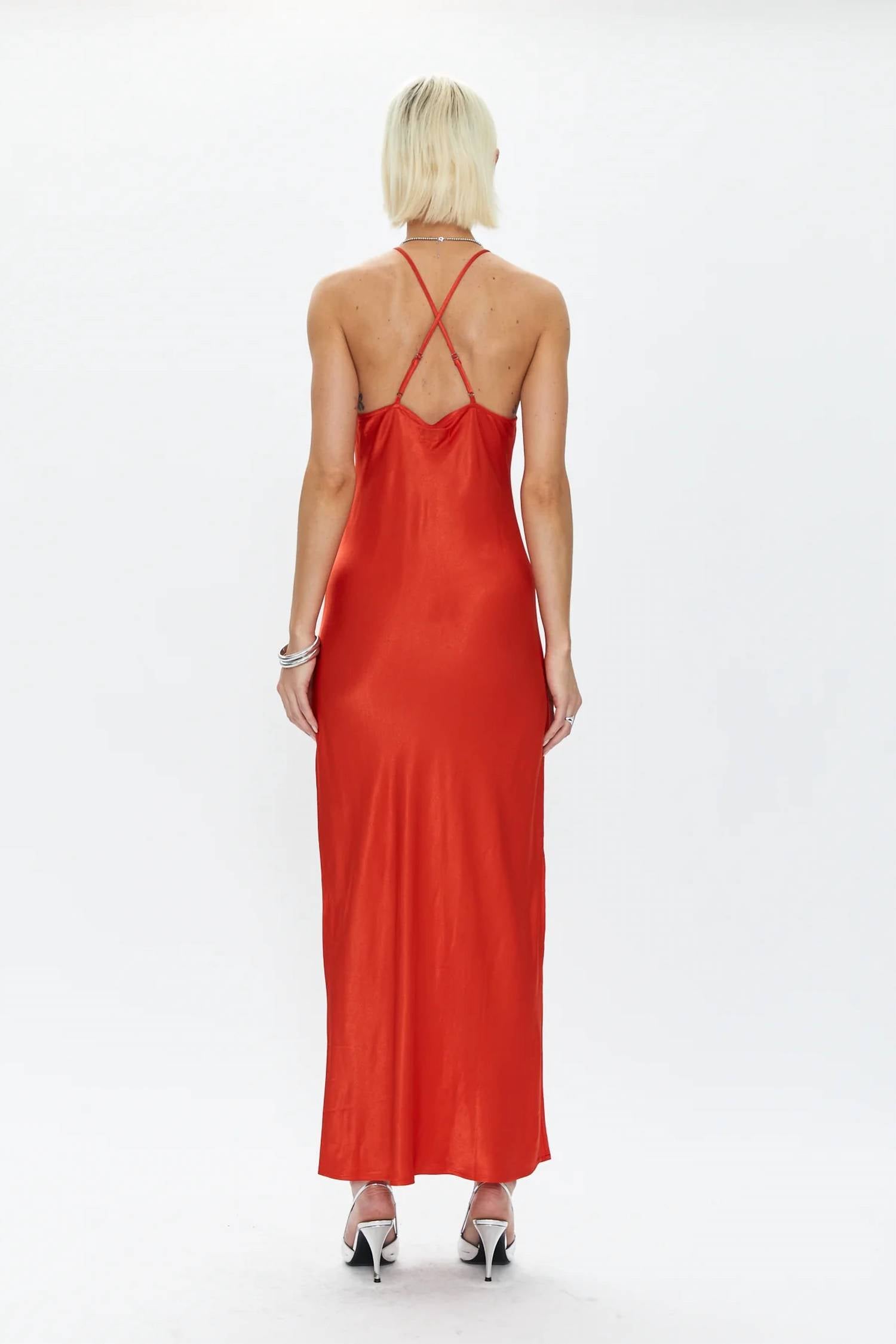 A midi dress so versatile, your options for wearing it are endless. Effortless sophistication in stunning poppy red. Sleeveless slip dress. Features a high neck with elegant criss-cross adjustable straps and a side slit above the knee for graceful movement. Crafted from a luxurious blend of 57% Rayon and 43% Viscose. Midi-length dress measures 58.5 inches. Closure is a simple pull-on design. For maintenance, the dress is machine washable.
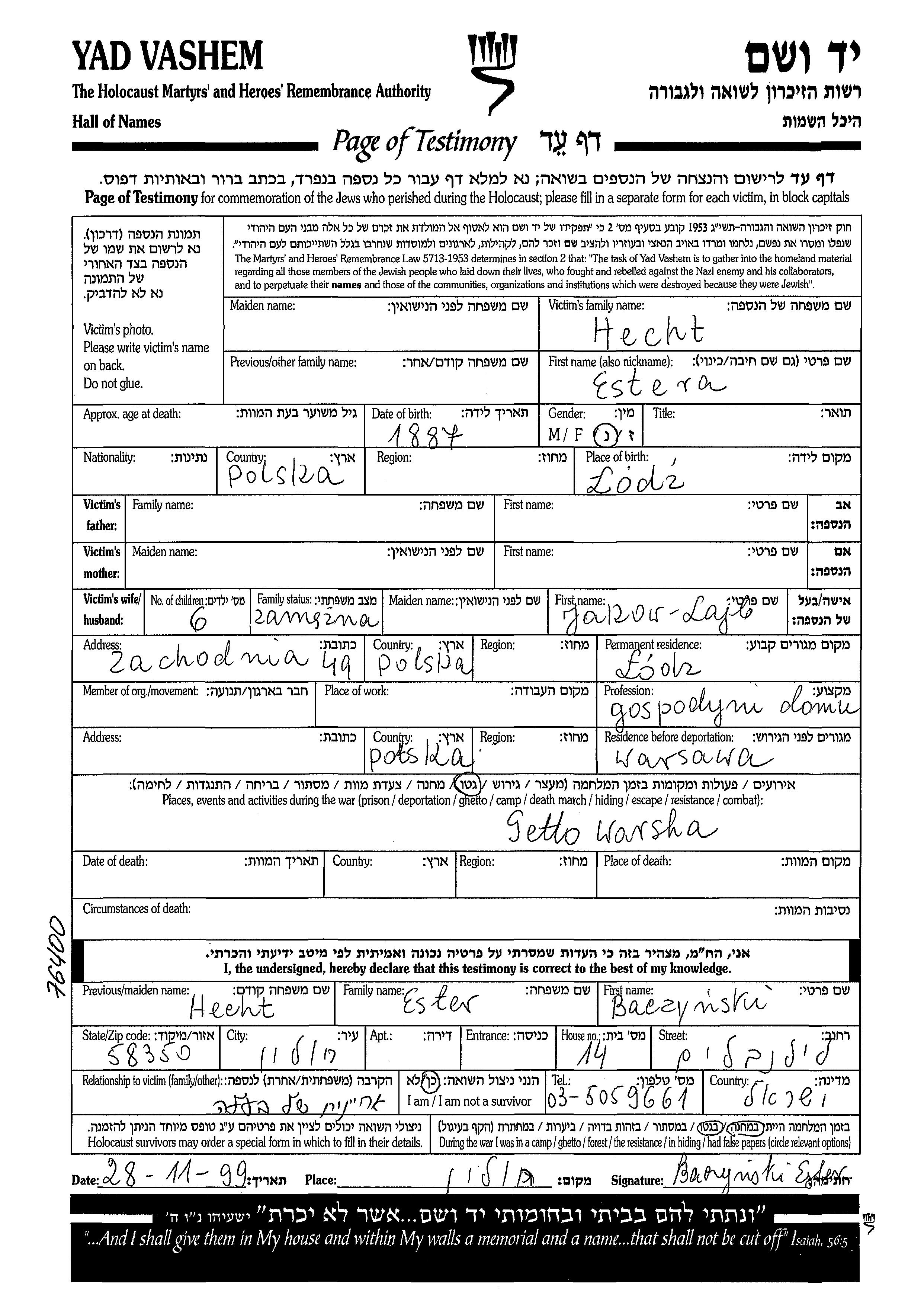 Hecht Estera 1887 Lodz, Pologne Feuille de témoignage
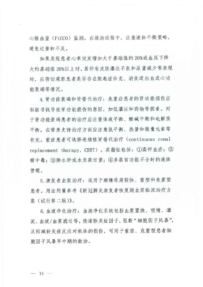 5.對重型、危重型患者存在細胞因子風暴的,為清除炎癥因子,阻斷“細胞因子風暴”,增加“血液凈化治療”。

• _WHAT IS REQUIRED_
Output all data exactly, omitting images.

• _EXERCISE OUTPUT_
 A midi dress so versatile, your options for wearing it are endless. Effortless sophistication in stunning poppy red. Sleeveless slip dress. Features a high neck with elegant criss-cross adjustable straps and a side slit above the knee for graceful movement. Crafted from a luxurious blend of 57% Rayon and 43% Viscose. Midi-length dress measures 58.5 inches. Closure is a simple pull-on design. For maintenance, the dress is machine washable.
 Hecht Estera 1887 Lodz, Pologne Feuille de témoignage
 5.對重型、危重型患者存在細胞因子風暴的,為清除炎癥因子,阻斷“細胞因子風暴”,增加“血液凈化治療”。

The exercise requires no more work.